A Netflix anunciou que, em 2021, lançaria um longa-metragem original por semana e assim tem sido. É fato que a produção industrial de filmes geralmente traz mais quantidade do que qualidade, mas bons títulos já saíram nessa remessa: Pieces of a Woman, Eu me Importo e Malcolm & Marie são alguns deles.
Pieces of a Woman é um drama escrito por Kata Wéber e dirigido por Kornél Mundruczó, cineastas húngaros que trabalharam juntos em produções como Deus Branco (2014) e Lua de Júpiter (2017). Esse é o tipo de filme que é mais bem aproveitado quando você assiste sem ler a sinopse, portanto, se você quiser ter essa experiência fílmica de forma inédita, pode pular para o parágrafo seguinte. Pieces of a Woman é um forte relato de uma situação traumática na vida de um jovem casal, vivido por Shia LaBeouf e Vanessa Kirby; na verdade, talvez uma das situações mais tristes que a vida adulta pode trazer: a perda de um filho. Não é um filme de fácil digestão justamente por suas doses fortes de realismo, como o primeiro ato, quase que por completo, em plano sequência mostrando o parto domiciliar e o nascimento da triste implosão de um relacionamento.

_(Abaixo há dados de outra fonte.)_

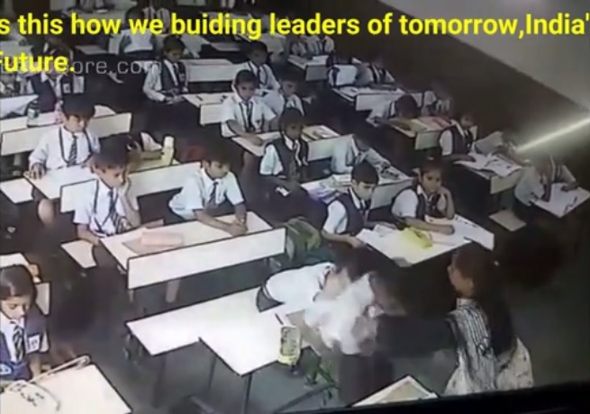 インドの小学校で、女教師が小学1年生(7歳)の男の子を40回殴るなどのやり過ぎた虐待行為を撮影され炎上しているよう。教室には監視カメラが設置されていたものの、女教師はおそらくそれに気付いていなかったと思われる。動画は虐待行為の一部。

Temática parecida de relacionamento em turbulência, abordagens bem diferentes: em uma hora e meia de filme, amor e metalinguagem cinematográfica são servidos ao público em majestoso preto e branco. Malcolm & Marie, de Sam Levinson (Euphoria), apresenta uma madrugada na vida de um casal formado por um cineasta (John David Washington, protagonista de Tenet e Infiltrado na Klan) que acaba de fazer uma estreia bem sucedida e a sua namorada (Zendaya, de Euphoria e Homem-Aranha: De Volta ao Lar), uma atriz que se vê no papel de esposa-troféu e musa inspiradora. Enquanto aguardam que as primeiras críticas sejam publicadas, os dois soltam frustrações e insatisfações que sentem por si e pelo outro. Com os únicos dois atores em cena durante todo o filme, Zendaya e Washington não precisam de mais ninguém para preencher o quarto.
Durante o filme, eu escrevia apontamentos e logo tive que largar a caneta ao perceber que aquela era justamente uma das críticas do longa. Essa incessante busca por análises e atribuições de significados às vezes deixa para segundo plano a experiência que nos é entregue. Me lembrou quando assisti à estreia de Bacurau onde fizeram parte da sessão o diretor Juliano Dornelles e parte do elenco. No momento das perguntas, alguém da plateia questionou se o fato de todas as cenas de sexo do filme trazerem mulheres em cima de seus parceiros era uma metáfora para o poder feminino, ao passo que o diretor respondeu: “Teve isso? Nem percebi. Na verdade, essa era só a forma mais fácil de mostrar os personagens na cena, como naquele capim alto”. Às vezes é só sobre o “só”. Malcolm & Marie é bastante perspicaz ainda quando traz questionamentos como “o fato de Barry Jenkins não ser gay é o que torna Moonlight universal?”, algo que pode ser trocado para “o fato de Sam Lenvisnon não ser negro é o que torna Malcom & Marie tão identificável?”.
Por fim, um filme bem leve do que esses dois citados e maravilhosamente despretensioso é Eu me Importo, título o qual fez Rosamund Pike (Garota Exemplar, 2014) vencer o Prêmio Golden Globe neste fim de semana por sua atuação como a autodeclarada vilã Marla Grayson. Co-estrelado por Peter Dinklage, o inesquecível Tyrion Lannister em Game of Thrones, e ainda a imponente Dianne West, Eu me Importo é uma comédia satírica que faz você assistir uma guerra entre golpistas e inevitavelmente torcer para que alguém, no caso Marla, se dê mal. Filme divertidíssimo!
Enquanto na era pré-streaming tínhamos produtoras que se fragmentavam em diferentes “joint-ventures” que atendiam a gêneros específicos do cinema (como a Paramount Pictures e Nickelodeon Pictures ou ainda Walt Disney Pictures e Miramax), a Netflix vem agora como aquela produtora que quebra a expectativa daqueles que fazem de tudo um pouco, mas nada direito.
*Coluna publicada originalmente na edição impressa de 03 de março de 2021.